PROVIDED DATA:

————————

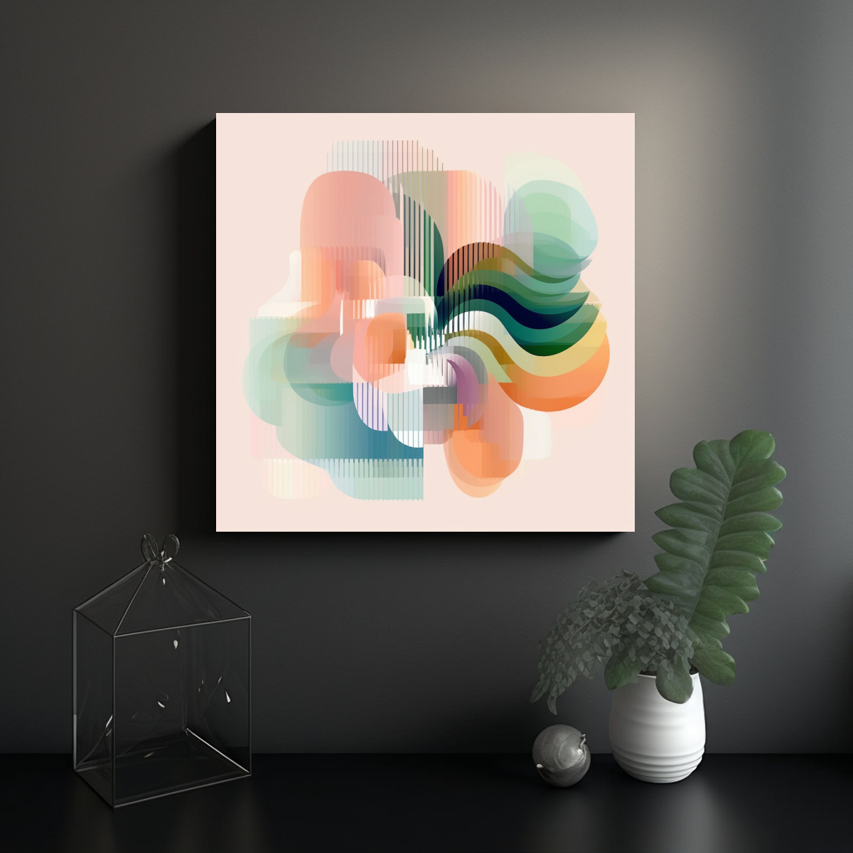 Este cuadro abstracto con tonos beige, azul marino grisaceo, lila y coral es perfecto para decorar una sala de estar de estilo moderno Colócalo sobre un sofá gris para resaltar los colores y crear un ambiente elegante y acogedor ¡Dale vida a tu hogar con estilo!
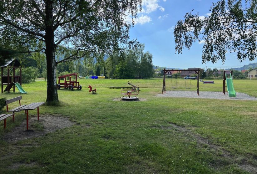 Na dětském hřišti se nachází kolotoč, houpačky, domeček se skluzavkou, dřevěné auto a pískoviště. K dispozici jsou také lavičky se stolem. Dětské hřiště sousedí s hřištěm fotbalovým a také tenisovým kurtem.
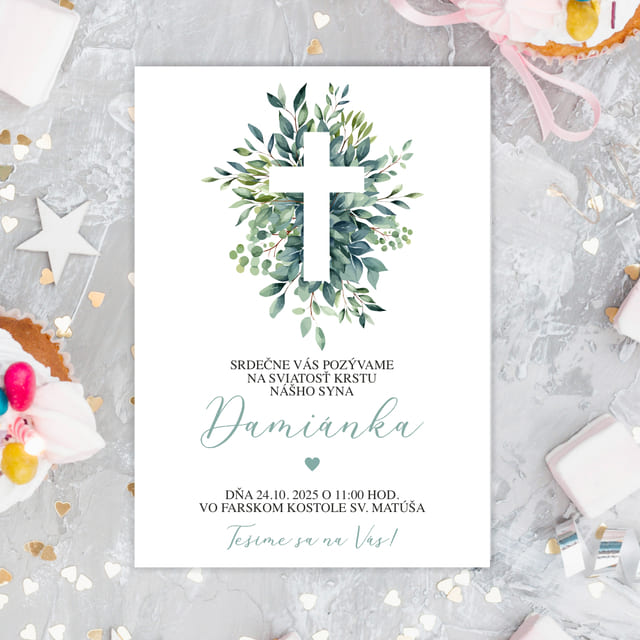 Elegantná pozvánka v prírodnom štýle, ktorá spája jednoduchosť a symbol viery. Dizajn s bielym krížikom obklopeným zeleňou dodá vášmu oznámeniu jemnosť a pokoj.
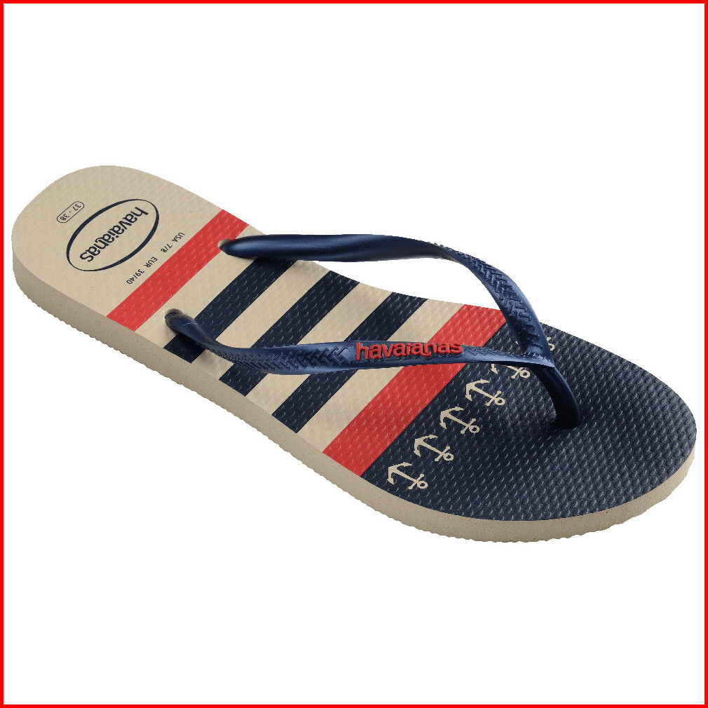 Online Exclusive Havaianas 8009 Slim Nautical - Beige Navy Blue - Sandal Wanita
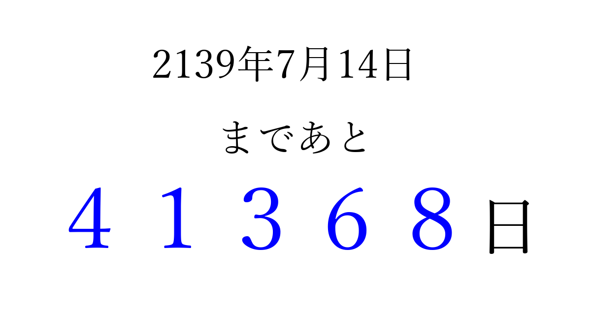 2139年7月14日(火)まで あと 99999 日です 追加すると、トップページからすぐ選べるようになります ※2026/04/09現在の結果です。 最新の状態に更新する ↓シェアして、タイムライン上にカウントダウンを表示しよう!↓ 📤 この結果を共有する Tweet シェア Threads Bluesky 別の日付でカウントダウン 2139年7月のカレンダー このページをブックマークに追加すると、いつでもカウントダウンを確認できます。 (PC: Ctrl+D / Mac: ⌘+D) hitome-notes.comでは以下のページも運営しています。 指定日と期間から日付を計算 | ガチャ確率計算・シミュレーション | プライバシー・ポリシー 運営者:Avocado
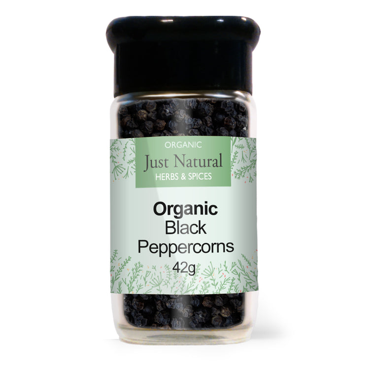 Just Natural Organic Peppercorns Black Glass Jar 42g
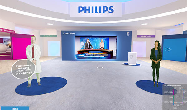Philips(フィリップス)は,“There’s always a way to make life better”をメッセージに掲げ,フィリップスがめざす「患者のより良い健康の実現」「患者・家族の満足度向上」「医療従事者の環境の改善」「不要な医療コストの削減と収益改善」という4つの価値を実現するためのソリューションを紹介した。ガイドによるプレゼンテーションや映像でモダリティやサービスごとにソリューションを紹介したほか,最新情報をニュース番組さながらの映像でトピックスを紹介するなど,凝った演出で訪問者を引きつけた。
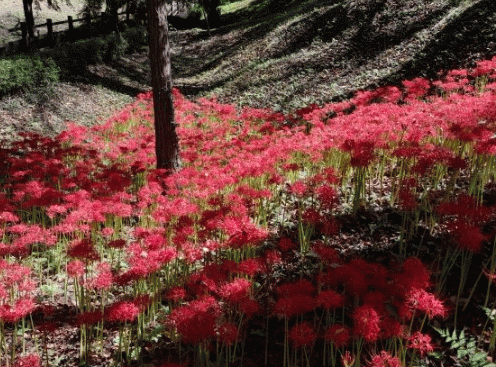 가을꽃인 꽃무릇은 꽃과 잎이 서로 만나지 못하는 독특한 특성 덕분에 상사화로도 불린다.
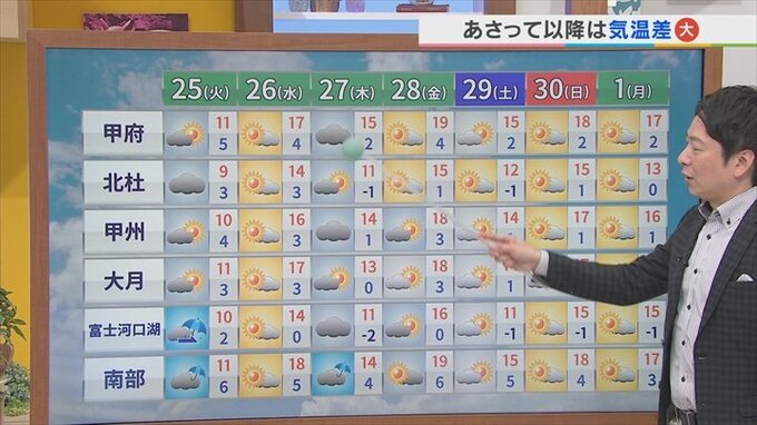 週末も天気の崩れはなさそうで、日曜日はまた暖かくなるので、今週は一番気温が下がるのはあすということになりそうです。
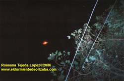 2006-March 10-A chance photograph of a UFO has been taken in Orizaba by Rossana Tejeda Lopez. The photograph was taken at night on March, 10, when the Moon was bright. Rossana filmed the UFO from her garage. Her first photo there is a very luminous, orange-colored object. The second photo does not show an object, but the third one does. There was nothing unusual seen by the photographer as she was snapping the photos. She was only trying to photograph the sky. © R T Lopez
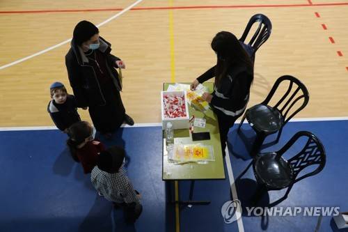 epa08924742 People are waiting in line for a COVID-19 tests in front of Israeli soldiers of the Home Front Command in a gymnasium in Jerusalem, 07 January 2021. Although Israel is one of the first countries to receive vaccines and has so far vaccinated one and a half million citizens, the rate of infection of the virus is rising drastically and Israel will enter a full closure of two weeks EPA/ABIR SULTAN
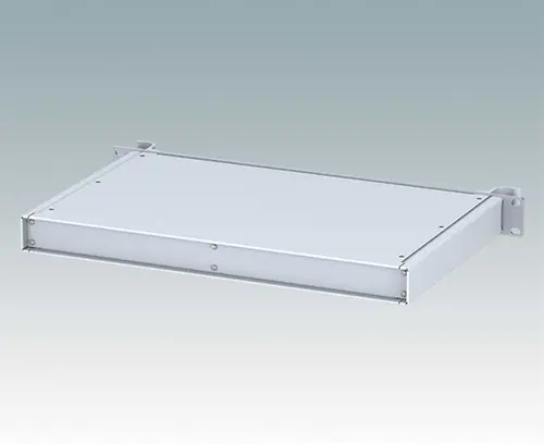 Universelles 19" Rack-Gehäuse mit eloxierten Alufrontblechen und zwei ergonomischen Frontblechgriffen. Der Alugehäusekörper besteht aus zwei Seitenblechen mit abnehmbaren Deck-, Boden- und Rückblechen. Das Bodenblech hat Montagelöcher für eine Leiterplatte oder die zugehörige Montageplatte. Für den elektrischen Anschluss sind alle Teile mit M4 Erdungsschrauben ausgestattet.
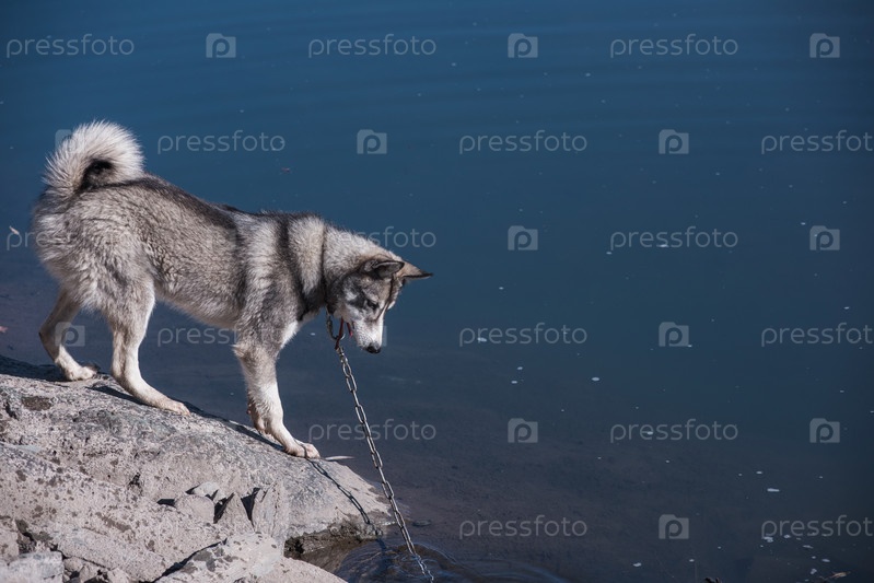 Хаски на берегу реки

————————

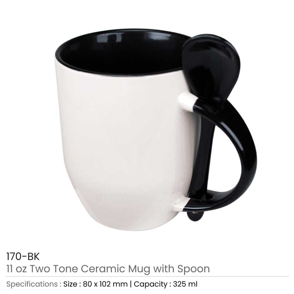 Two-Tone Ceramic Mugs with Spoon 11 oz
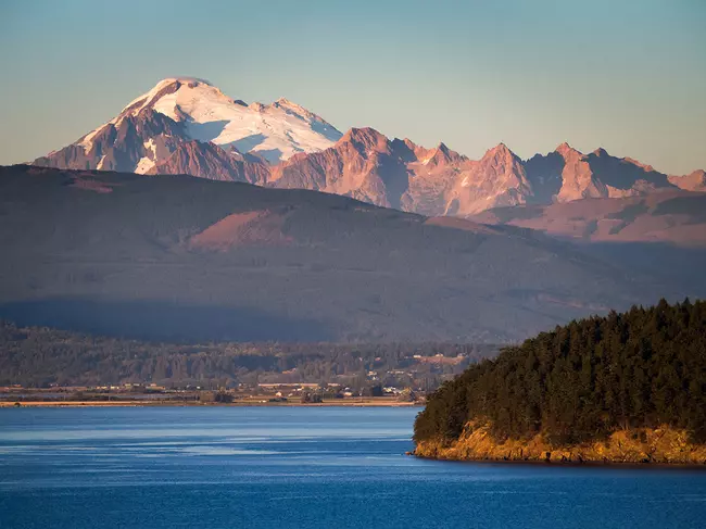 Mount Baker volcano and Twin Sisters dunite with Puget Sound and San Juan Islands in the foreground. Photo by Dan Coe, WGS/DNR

————————

PROBLEM DETAILS: Exact copy, pictures excluded: every line above from the one containing "Este cuadro abstracto" to the one containing "Na dětském hřišti", inclusive, and nothing more.

ANSWER FOR THE TASK:
 Este cuadro abstracto con tonos beige, azul marino grisaceo, lila y coral es perfecto para decorar una sala de estar de estilo moderno Colócalo sobre un sofá gris para resaltar los colores y crear un ambiente elegante y acogedor ¡Dale vida a tu hogar con estilo!
 Na dětském hřišti se nachází kolotoč, houpačky, domeček se skluzavkou, dřevěné auto a pískoviště. K dispozici jsou také lavičky se stolem. Dětské hřiště sousedí s hřištěm fotbalovým a také tenisovým kurtem.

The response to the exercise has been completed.